=== Data for review ===

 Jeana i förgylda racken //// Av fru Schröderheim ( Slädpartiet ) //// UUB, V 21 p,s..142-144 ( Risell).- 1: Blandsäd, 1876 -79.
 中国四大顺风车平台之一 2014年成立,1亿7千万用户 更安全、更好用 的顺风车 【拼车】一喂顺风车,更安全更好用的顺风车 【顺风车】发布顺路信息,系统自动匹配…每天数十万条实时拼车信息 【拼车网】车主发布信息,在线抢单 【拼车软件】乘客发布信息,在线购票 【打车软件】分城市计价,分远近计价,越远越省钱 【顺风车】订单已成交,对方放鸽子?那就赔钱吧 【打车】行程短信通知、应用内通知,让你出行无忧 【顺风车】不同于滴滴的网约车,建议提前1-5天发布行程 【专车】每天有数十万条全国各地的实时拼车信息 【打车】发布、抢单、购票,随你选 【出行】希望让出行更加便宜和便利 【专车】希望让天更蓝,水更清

===
=== Data for review ===

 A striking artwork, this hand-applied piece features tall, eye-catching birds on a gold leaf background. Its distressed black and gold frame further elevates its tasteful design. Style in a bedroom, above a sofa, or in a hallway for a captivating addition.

===

■ **Work instructions**
Your answer must be the lines above from the one containing "Jeana i förgylda" to the one containing "中国四大顺风车平台之一 2014年成立,1亿7千万用户 更安全、更好用", both included, restated word for word.

■ **Reply**
 Jeana i förgylda racken //// Av fru Schröderheim ( Slädpartiet ) //// UUB, V 21 p,s..142-144 ( Risell).- 1: Blandsäd, 1876 -79.
 中国四大顺风车平台之一 2014年成立,1亿7千万用户 更安全、更好用 的顺风车 【拼车】一喂顺风车,更安全更好用的顺风车 【顺风车】发布顺路信息,系统自动匹配…每天数十万条实时拼车信息 【拼车网】车主发布信息,在线抢单 【拼车软件】乘客发布信息,在线购票 【打车软件】分城市计价,分远近计价,越远越省钱 【顺风车】订单已成交,对方放鸽子?那就赔钱吧 【打车】行程短信通知、应用内通知,让你出行无忧 【顺风车】不同于滴滴的网约车,建议提前1-5天发布行程 【专车】每天有数十万条全国各地的实时拼车信息 【打车】发布、抢单、购票,随你选 【出行】希望让出行更加便宜和便利 【专车】希望让天更蓝,水更清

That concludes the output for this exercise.